The microorganism laser developing device according to claim 1, characterized in that, the angle adjustment device comprises an angle adjustment rod (12) and an adjustment wheel (11), and the angle adjustment rod (12) is in the middle with the casing (12). 10) Actively connected and able to move left and right, the left and right sides of the casing (10) are also provided with limit posts for limiting the angle adjustment rod (12), and the rear end of the angle adjustment rod (12) is a semi-circular arc gear , the adjusting wheel (11) is a gear structure and meshes with the angle adjusting rod (12), the adjusting wheel (11) is movably connected with the housing (10) and is also provided with an angle scale line.
The microorganism laser developing device according to claim 1, characterized in that, the objective lens module (9) is a T-shaped structure, comprising an objective lens (13), a slice placement groove (14) and a card, and the objective lens (13) A slice placement slot (14) is embedded in the middle of the card and on the back of the card, and the slice placement slot (14) corresponds to the position of the plug-in card slot provided on the side wall of the casing (10).
The microorganism laser developing device according to claim 1, characterized in that, the stage (7) is a U-shaped arc structure and is supported by a transparent material, and the stage (7) is further provided with a nano-waterproof coating.
The microorganism laser developing device according to claim 1, wherein the fixing rod (4) is an inverted Y-shaped arc structure.

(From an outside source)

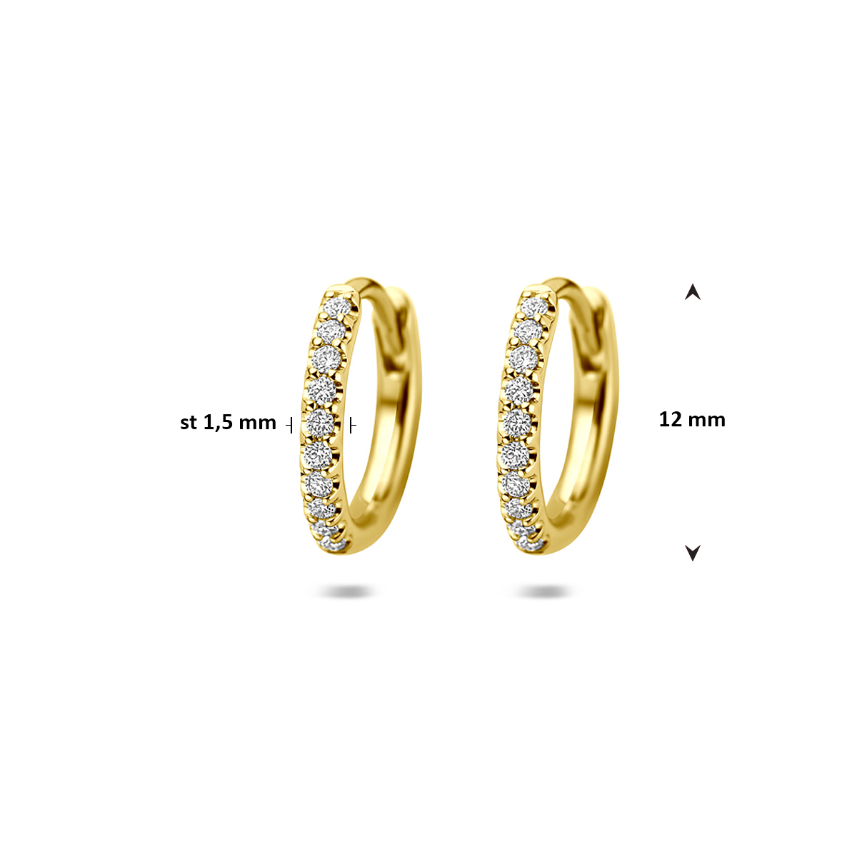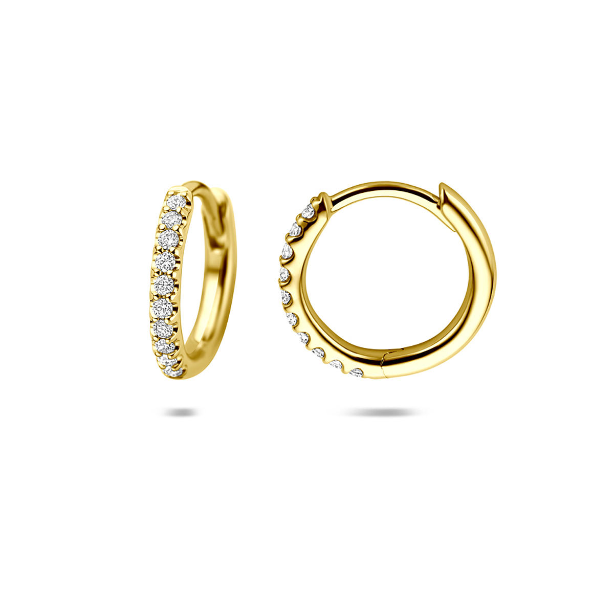 14k Geelgouden klapoorringen uitgevoerd met lab grown diamant. De klapoorringen hebben een diameter van 12mm. Het totale diamantgewicht is 0.14ct. Lab grown diamanten zijn diamanten die ontstaan in een laboratorium. Onder extreem hoge druk en temperatuur wordt het natuurlijk ontstaansproces nagebootst met als eindresultaat een diamant met dezelfde chemische eigenschappen maar met een andere oorsprong.

The microorganism laser developing device according to claim 4, characterized in that, the lower part of the casing (10) is provided with a drainage hole, and the drainage hole is located around the bottom of the stage (7).

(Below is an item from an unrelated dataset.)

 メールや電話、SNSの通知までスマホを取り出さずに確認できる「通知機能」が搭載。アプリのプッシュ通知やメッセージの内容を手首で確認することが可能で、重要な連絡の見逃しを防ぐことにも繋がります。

The microorganism laser developing device according to claim 6, characterized in that, two sets of transparent observation windows are further provided on both sides of the casing (10) and are respectively located on the left and right sides of the stage (7). The upper part of the casing (10) is also provided with a dust cover.
The microorganism laser developing device according to claim 1, characterized in that, the edge of the reflection cup (5) is provided with a light-blocking groove and its interior is a mirror surface structure, and the optical lens (6) is close to the reflection cup (5). One side has an inner concave structure and the outer side thereof has an outer convex structure, and the optical lens (6) is also subjected to a coating soft-light surface treatment.